# Ugg Sandals 50% Off



## skippershe (May 22, 2006)

I had to share this sale with my Outbacker girlfriends...
Nordstrom has Ugg Sandals on sale at 50% off








My sister was wearing these and told me how much she loved them and that they were around $75-$80 when she bought them. A couple of weeks later, I went to Nordstrom to pick up a pair and was thrilled to find out they were on sale for $48.00 (30% off).

I bought two pairs of the Layback, one in a moss green linen, and one in the cream linen. I really wanted a brown sandal, but they didn't have any in the store. When I got home, I looked online and found the chestnut sandal. It's the same suede on top just like the boots, so I ordered a pair online and had them shipped to my house.

Today I received a sale email from Nordstrom and checked to see if they went down in price and now they are $36.90! I called Nordstrom on the phone and they gave me a credit adjustment of $13.00 on my card









Anyways, I love my ugg sandals!
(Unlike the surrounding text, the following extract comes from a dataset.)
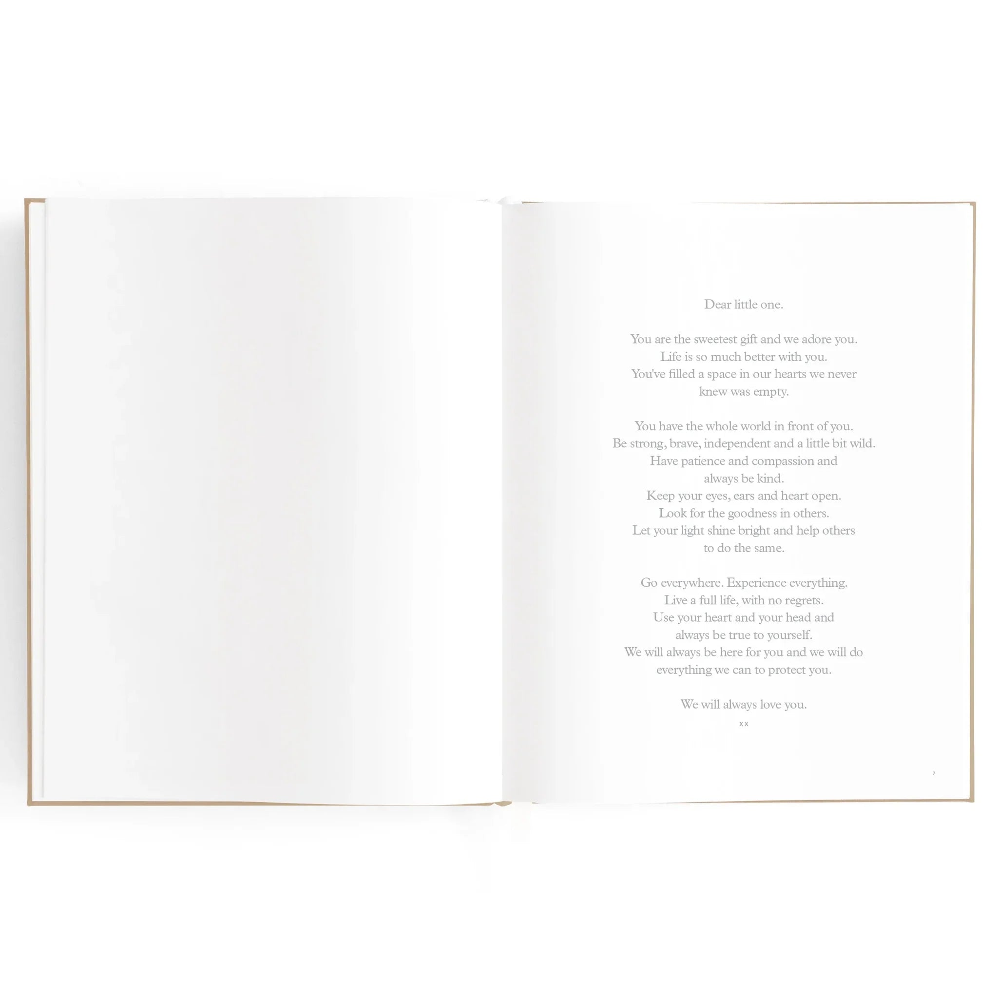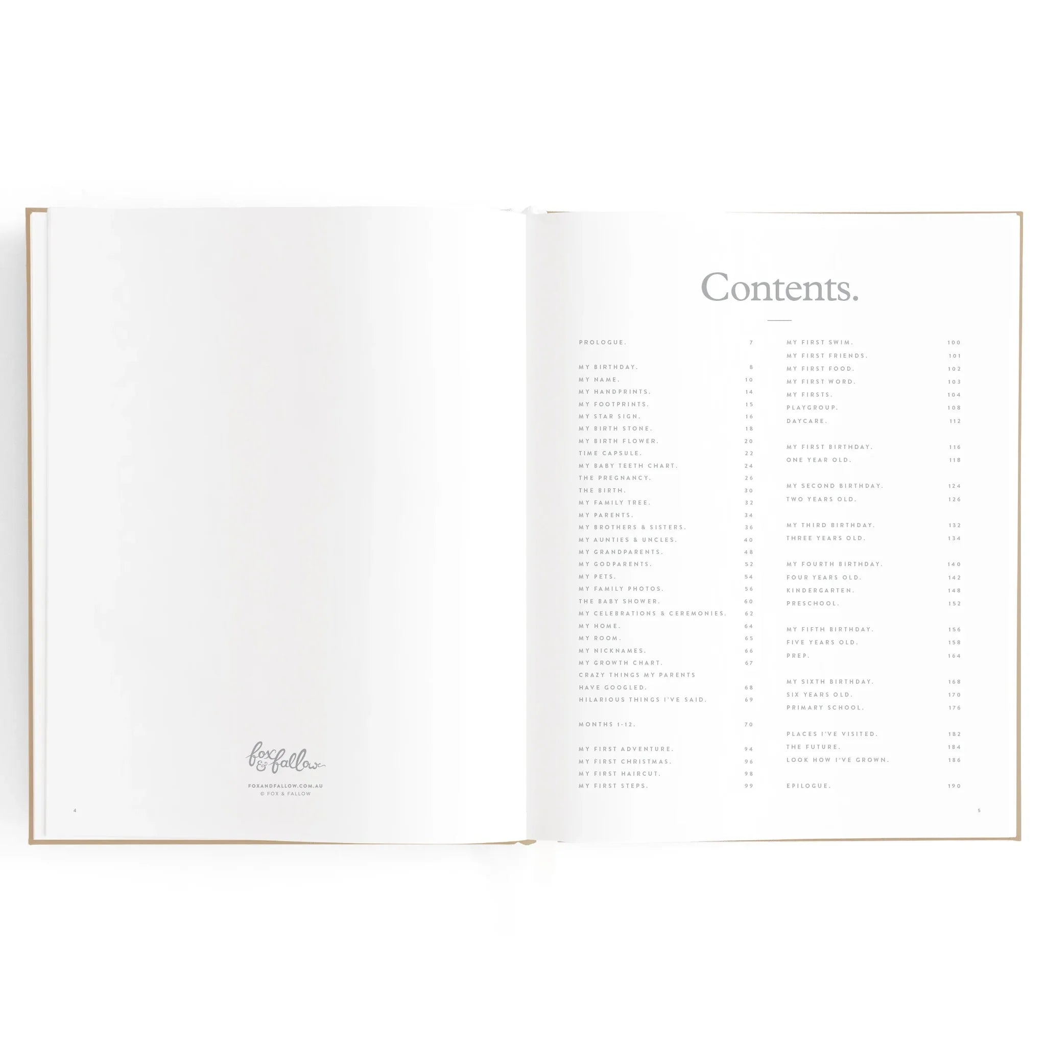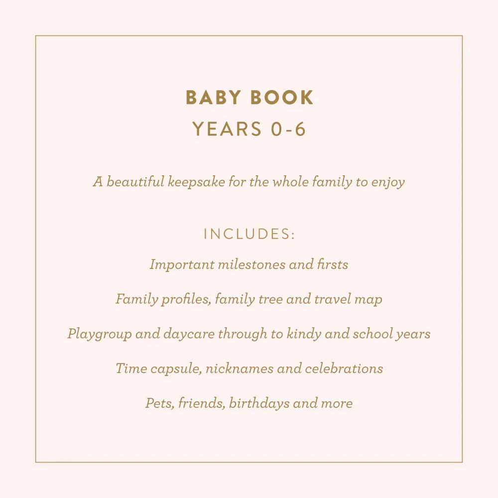 A beautiful keepsake for the whole family to enjoy. Includes: important milestones and firsts, family profiles, family tree and travel map, playgroup and daycare through to kindy and school years, time capsule, nicknames and celebrations, pets, friends, birthdays and more. 190 pages.

Thought I'd pass this on









Ugg sandals


----------



## microspouse (Apr 11, 2007)

Ohhh! Those look absolutely comfy! Does the sheepskin lining just add to the comfort? I live in flipflops in the summer...
Kris


----------



## MaeJae (May 12, 2005)

Thanks Dawn... I'll have to let my MIL know.









MaeJae


----------



## skippershe (May 22, 2006)

Barron6pack said:


> Ohhh! Those look absolutely comfy! Does the sheepskin lining just add to the comfort? I live in flipflops in the summer...
> Kris


Kris,
Yes, the sheepskin makes them really soft and snug. I hate when new flip flops are loose on my feet.
The sole feels almost like a gel...I've had mine on all day today


----------



## JonesFamily (May 15, 2007)

Awesome sale! Thank you!!










Lisa


----------